Protect yourself via a challenge/response scheme: In the last decade someone came up with what seemed to be a brilliant idea: When people sign on for an account with our service, we’ll ask them to create a list of people who they always want to hear from (a whitelist). Messages from these individuals will be delivered to the recipient with no problem. If, however, someone not on the list attempts to send that person a message, they’ll be told that they have to visit a website, click a link, and enter a code to confirm that they are who they say they are. The intended recipient will then approve them so that they’re not bothered with this rigmarole again.

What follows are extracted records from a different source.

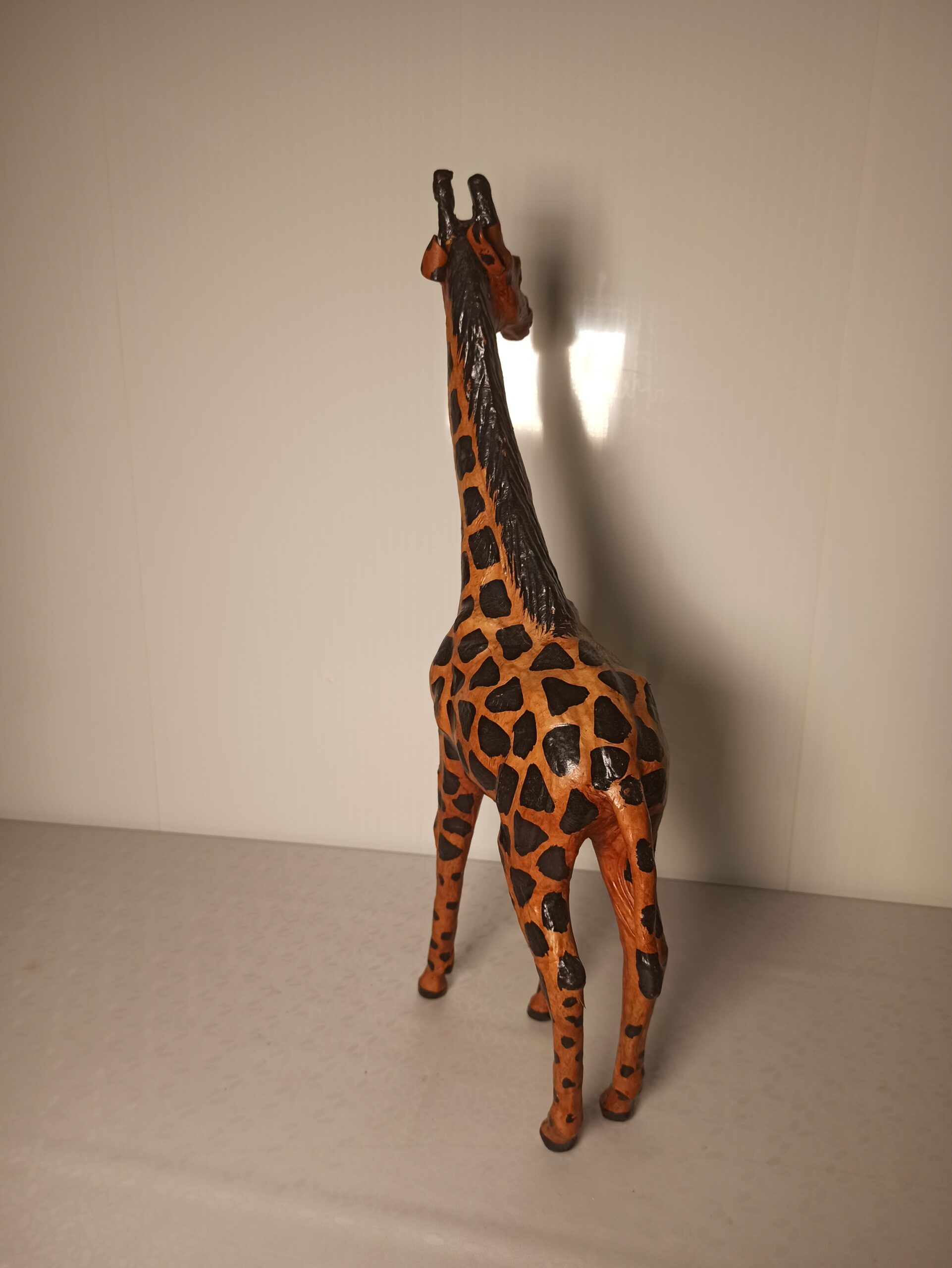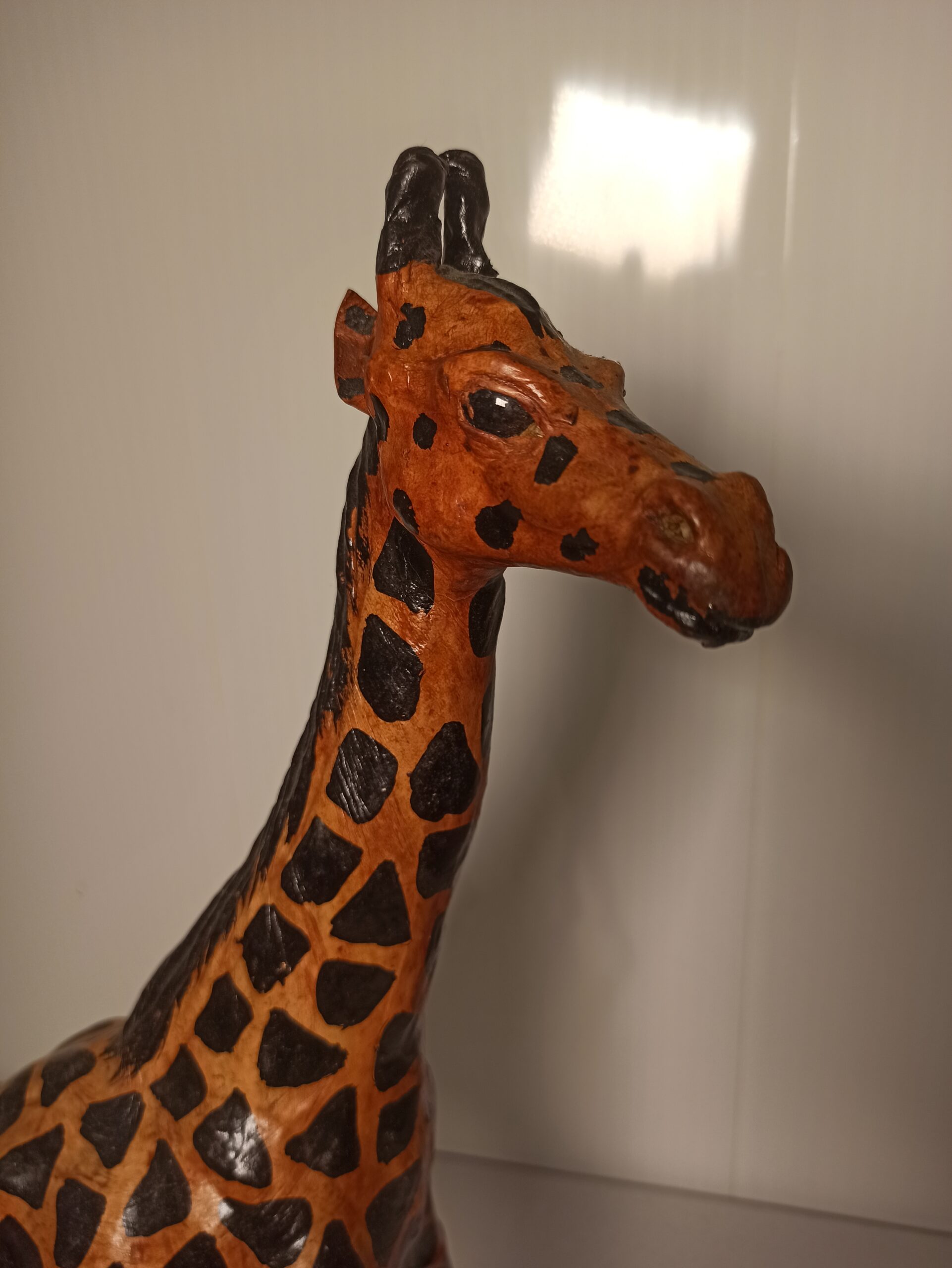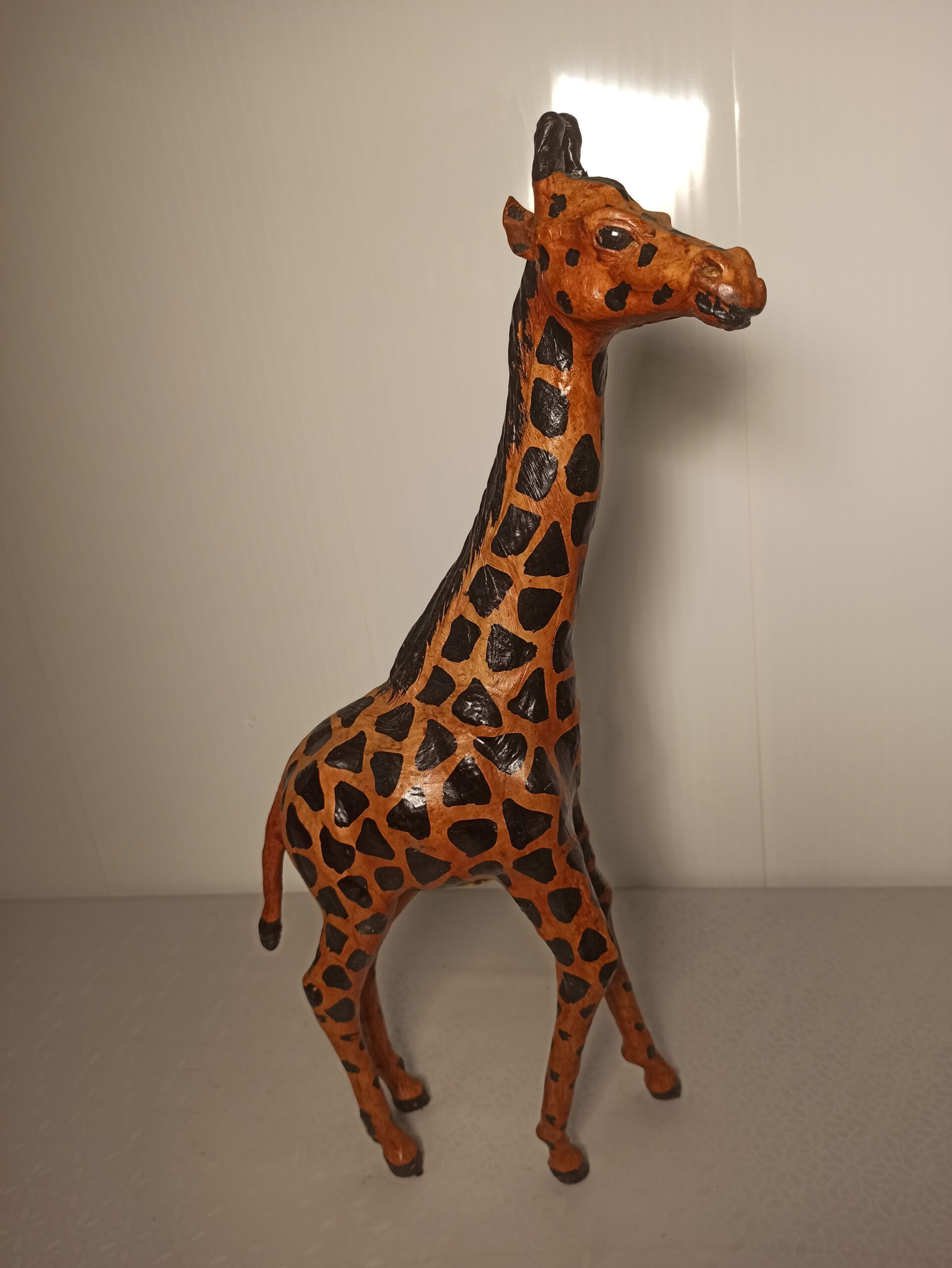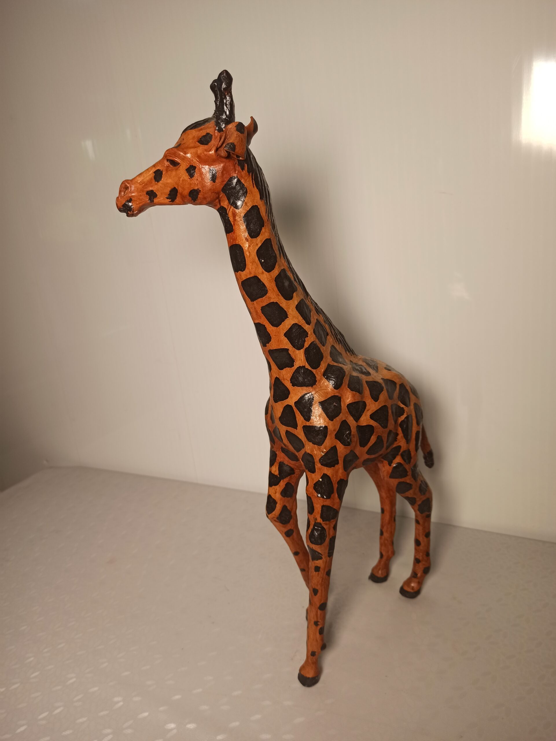 Ciekawa figurka żyrafy wykonana ze skóry.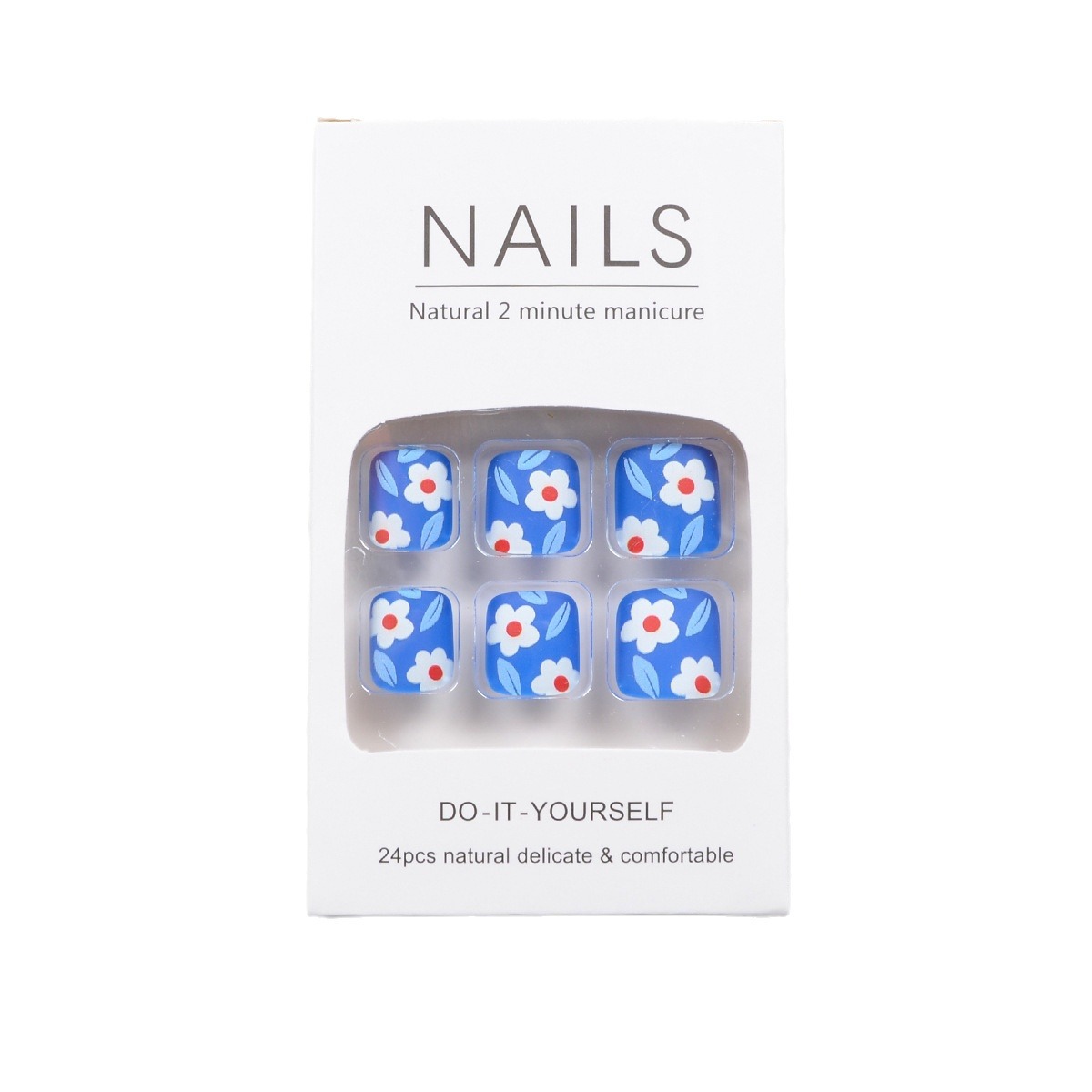 Be the first to review “Blue Toenails, White Flower Nail Patches, Frosted Fake Nails, Removable”
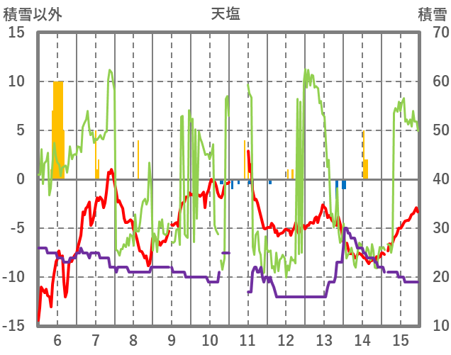 | 日 | 時 | 気温 | 降水 | 風向/風速 | 日照 | 積雪 | 降雪 |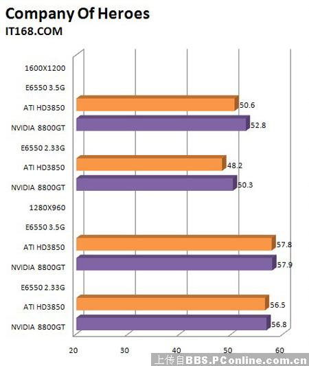 英雄连这款以二站为主题的即时战略性游戏,人物与武器都是刻画得栩栩如生,而且战斗场景逼真丰富,体验着显卡的整体性能。从测试成绩来看,CPU的效能完全影响不到显卡性能的发挥,英雄连对CPU性能的不敏感,因此在测试当中超频前后成绩差距不明显,8800GT的提升比值仅为3.4%,而HD3850的提升比值为3.6%。
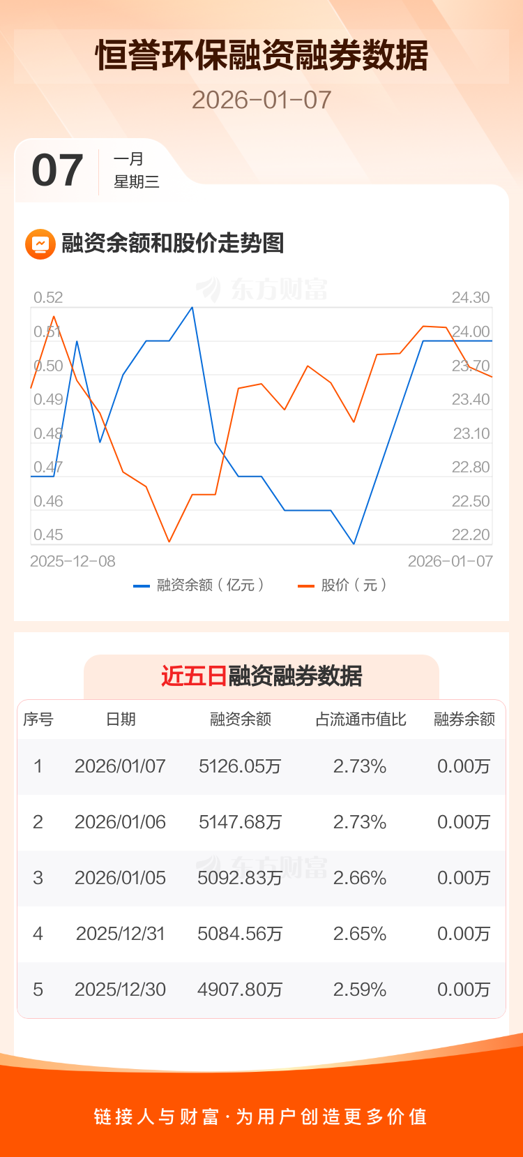交易所最新数据显示,恒誉环保于2026年1月7日获融资买入246.15万元,融资偿还267.78万元,当日融资净偿还21.63万元。目前,该股融资余额5126.05万,占流通市值比例为2.73%。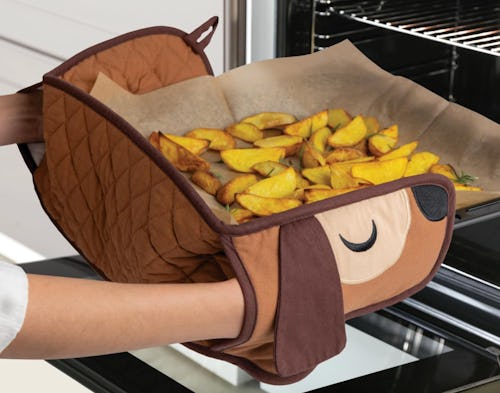 This stretched-out dachshund may look silly dangling from your oven door, but it’ll come in handy whenever the timer goes off. The connected design provides coverage for both hands, replacing the need for two separate mitts. It’s made from heat-resistant materials and designed to withstand temperatures up to 482 degrees, making it suitable for handling hot pans, baking trays, and cookware.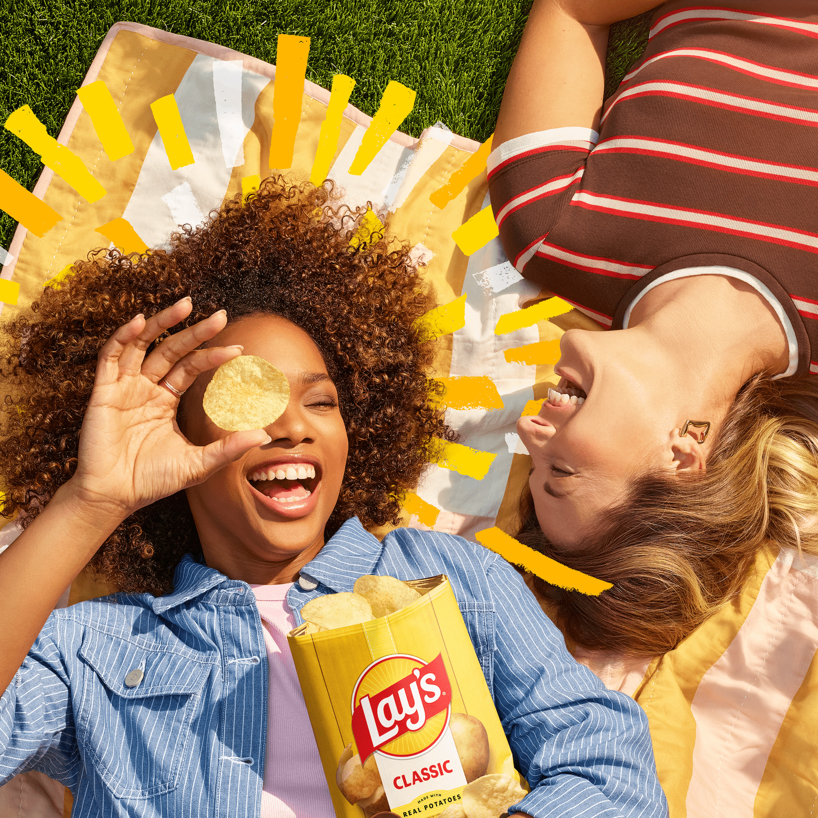 La renovación de la imagen incluye un logotipo rediseñado, actualizado por última vez en 2019, que mantiene el sol como elemento central, ahora con un tono más cálido y distintivo. Los nuevos rayos, llamados “Lay’s Rays”, simbolizan la luz que alimenta el crecimiento de las papas en el campo.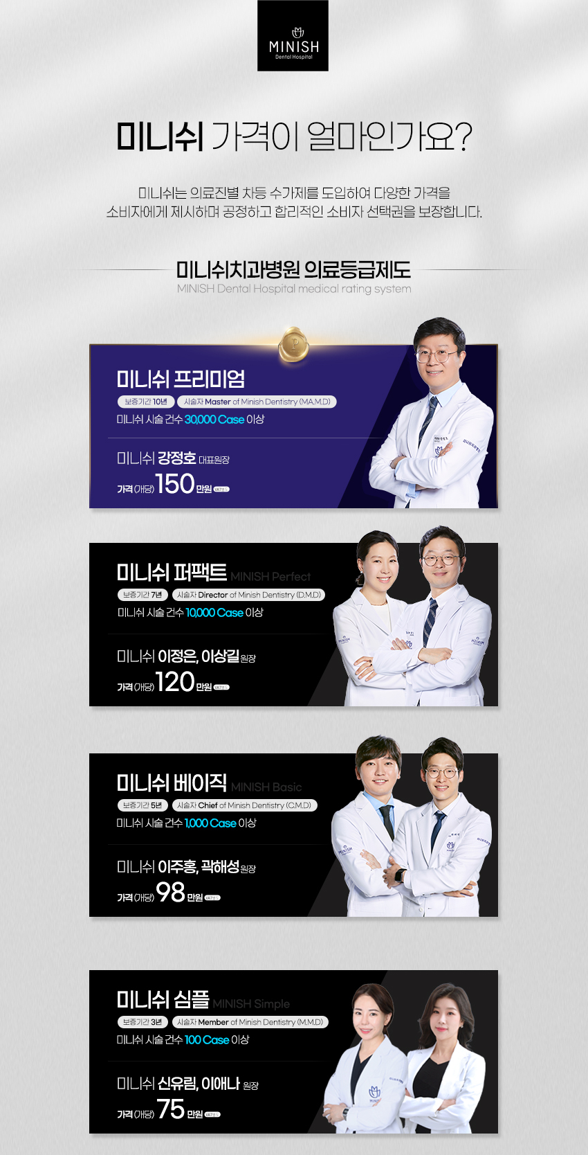 이 건강에 좋지 않으며, 영구적이지 않은 측면에서 치아미백가격이 합리적으로 다가오지 않을 수 있는데요. 미니쉬는 합리적인 가격을 제공합니다. 해당 치료는 술자의 기술이 영향을 끼치기에 임상경험별 등급과 그에 맞는 가격이 책정되어 있습니다. 그중 미니쉬치과병원은 다양한 미니쉬 등급과 최다 임상케이스를 보유하고 있어, 75만원부터 150만원까지 다양한 가격대를 제시하고 있습니다.

Sounds great, right? It’s not. To begin with, it shifts the responsibility for dealing with spam from the recipient to the sender. If I want to send you a message, somehow it’s my job to make sure it gets through rather than you taking measures to deal with your spam problem. Rude.
And the result of this “Hey, you deal with my problem, buddy” scheme is that many people simply won’t make the effort. Confronted with one of these “Please verify” messages, they’ll delete the message they intended to send to you and vow to never bother again. Yes, you may see far less spam, but you’ll also receive far less legitimate email because it won’t be sent.
Earthlink was responsible for a lot of this stuff. I haven’t seen one of these messages in ages, so perhaps the company finally wised up and stopped using this scheme. If your email service offers it by default as a way to protect you from spam, disable it and find another way, or switch to a different service.
Be a spammer yourself: Finally, consider the golden rule. If you don’t like receiving unsolicited email, there’s a very good chance that others don’t either. You may have the most adorable cat on earth, believe fervently in a political or religious cause, have the greatest business plan ever devised, or have faith that good luck comes in the form of chain mail, but sharing this stuff with everyone in your address book makes you the spammer. You absolutely want to spread the word to people who have indicated their willingness to listen, but be sure you have very strong evidence that this willingness exists. Ask, rather than assume, and your email life will be far more harmonious.